Grouplens recently published Movielens 25m dataset, a successor of Movielens 20m dataset that is heavily used in the data science field. In this post, I'll do a quick analysis of the dataset and compare it with movielens20m.
Datasets come in several files. I'm just going to use the following ones:
- movies.csv Contains id, movie title, and tag information.
|1||Toy Story (1995)||Adventure|
|3||Grumpier Old Men (1995)||Comedy|
|4||Waiting to Exhale (1995)||Comedy|
|5||Father of the Bride Part II (1995)||Comedy|
- ratings.csv is the main data file I'm interested in, it contains the rating matrix. The rating matrix is a big matrix where rows represent users, columns represent movies and the values inside the matrix are rating values between 0.5-5 for a particular user-movie pair. The names of the datasets come from this file, Movielens 20m means that the rating matrix has 20 million ratings. This is what the file looks like:
- tags.csv has user-generated tags, I'll use this file to create a tag cloud.
- links.csv is a mapping file that includes movielens identifiers and their corresponding IMDb identifiers. I will use it to get posters of the top-rated movies.
The code I've used to get all the following stats and plots is located here.

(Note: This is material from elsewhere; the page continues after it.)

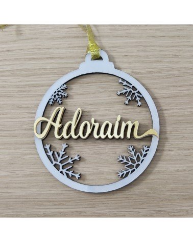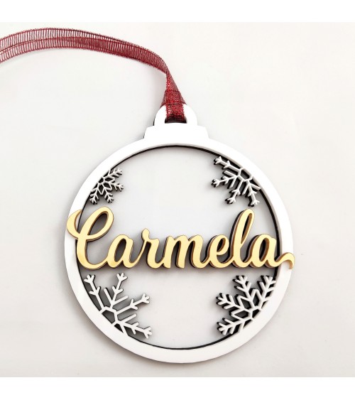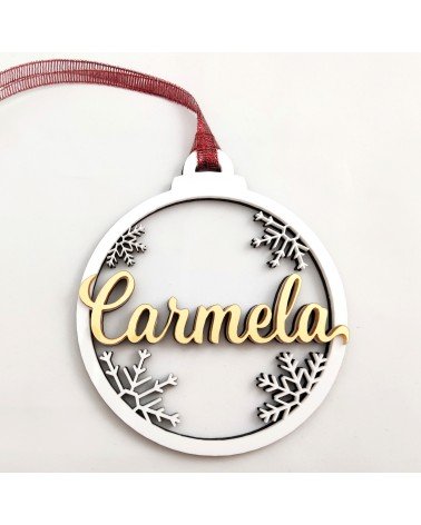 No olvide guardar su personalización para poder añadirla al carritoBola de Navidad diseño Copos de Nieve realizada en metacrilato blanco y dorado con base en dm.

Basic Statistic Comparison
|-||Movielens 20M||Movielens 25M|
|Density of the Matrix||0.00540||0.00260|
|Max # movies rated by a user||9254||32202|
|Min # movies rated by a user||20||20|
|Average # movies rated by a user||144.41||153.81|
|Max # users rated a movie||67310||81491|
|Min # users rated a movie||1||1|
|Average # users rated a movie||747.84||423.39|
There is a person on the Earth, that watched 32202 movies and rated them on the Movielens platform. That is probably not true, considering that watching all those movies would probably take around 6-7 years but that is what the data says so, I'm not the judge.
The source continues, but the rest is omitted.